I hope your answer isn’t, “I wouldn’t.” Because that’s contrary to what made Google such a global powerhouse used by billions every year. And why Microsoft is working hard to increase Bing’s market share. Google and Bing built their business by presenting search results based on the authority of websites. This system of authority (e.g. PageRank) makes the results relevant to users.
So what about running searches for tweets? Should their presentation be utterly devoid of any authority ranking? Does it make sense to just show the latest tweet containing a given term? After all, that would simply be imitating what Summize (aka Twitter Search) does.
First, a good question to ask is, why do people want to search tweets? How does this differ from web search?
Why Are You Searching Tweets?
To my mind, there are three use cases where people will search for tweets rather than search for websites:
- Find people
- Find latest on a subject that won’t show up in search engines yet (lack of indexing, lack of authority)
- Jump into conversations on something
Find people: You’re interested in a topic, and want to find others who can either improve your knowledge on it or with whom you want to connect. This is using Twitter as people search. The model for all of here is, you are what you tweet. It’s what makes you findable to others.
In this case, my sense is that people will have an desire to find those who would have the most authority on a given topic.
Find latest on a subject: The appearance of an article or blog post in the search engines can take a while. That contributes to the challenge of finding the latest. But the more pressing issue is the display of new articles in the search results. A good article or post on a subject, such as Enterprise 2.0, is likely not going to be ranked very high in the Google or Bing search results. No one links to the article yet, and it competes against a bunch of other incumbent articles in the search indexes.
If something shows up on the third page of Google’s search results, does it really exist?
This issue is even more pernicious for current events. The San Francisco Bay Bridge has been closed for several days now. It seems every estimate about when it will reopen has been wrong, meaning we all have to scramble to figure out our commute for the next day. To get the latest on the Bay Bridge, I searched Google, including the aggregate news results. Everything was too old when I did that, reflecting previous pronouncements. I needed what people knew right now. I went to Twitter, and found tweets that told me the latest status. Very helpful.
To find the latest on topics, I think there is a role for leveraging some sort of authority. People who have established credibility can be good first filters on what’s relevant and useful. For Enterprise 2.0, what is Dion Hinchliffe tweeting? For the Bay Bridge, I most trusted the KTVU tweet I saw.
Jump into conversations: This is Twitter as water cooler.
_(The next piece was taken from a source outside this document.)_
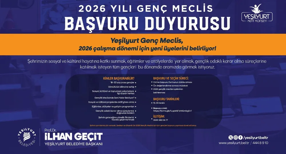 Başvurular, online başvuru formunun doldurulmasıyla başlayacak. Ön değerlendirmeyi geçen adaylar mülakata davet edilecek. Mülakat sürecinin tamamlanmasının ardından 2026 Yeşilyurt Genç Meclisi üyeleri belirlenecek.
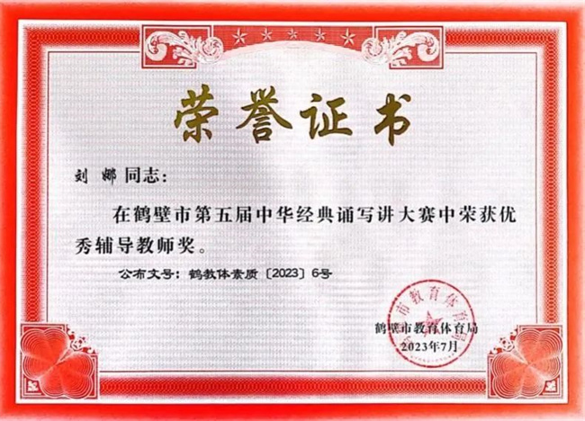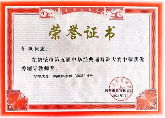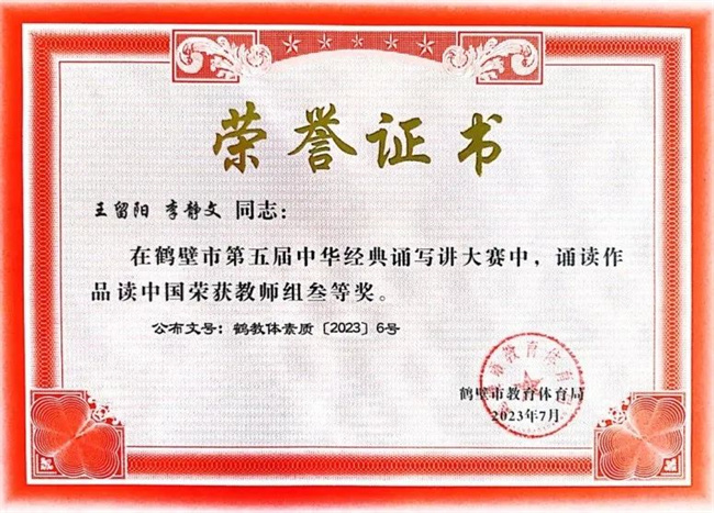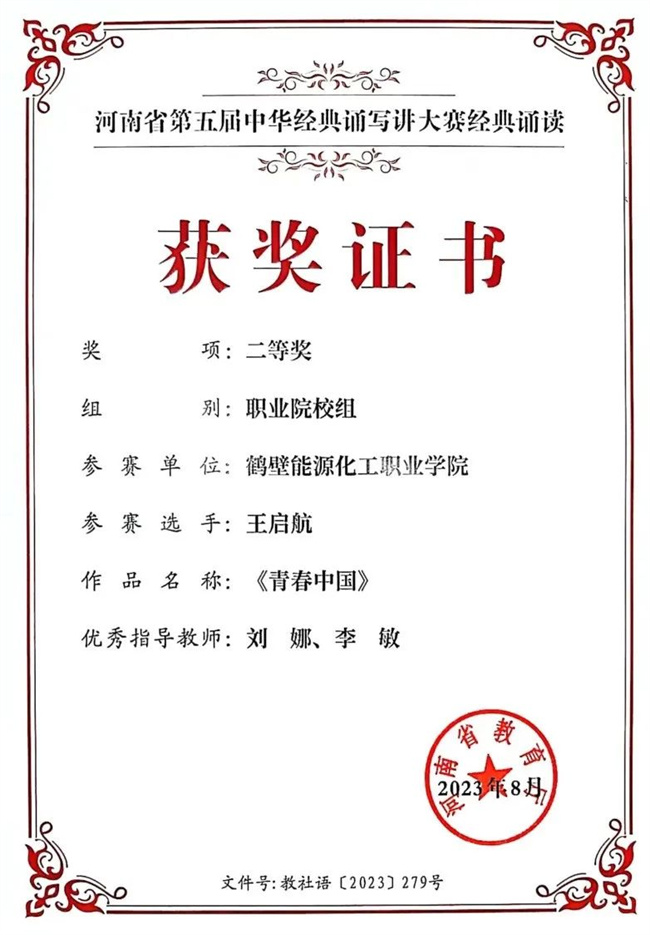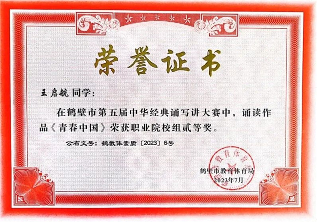 在省級(jí)評(píng)選中,該校高職2021級(jí)嬰幼兒托育服務(wù)與管理班的王啟航同學(xué)的作品《青春中國》獲河南省第五屆中華經(jīng)典誦寫講大賽經(jīng)典誦讀職業(yè)院校組二等獎(jiǎng),劉娜、李敏老師獲“優(yōu)秀指導(dǎo)老師”。

You know something is going on. But how do you connect with people? Searches are good for this. Hash tags for conferences or big stories. Take the recent fraudulent #balloonboy story. It definitely captivated everyone. But even now, you’ll see tweets like this:
What is that? That’s someone taking a popular hash tag and polluting the search stream with spam. Again, a case where adding some authority to the tweet search rankings will help.
Tweet Authority Criteria
Keep in mind that “authority” is used in the context of Google and Bing searches. Of course web searches miss many authorities on subjects, but they work pretty well for giving relevant information.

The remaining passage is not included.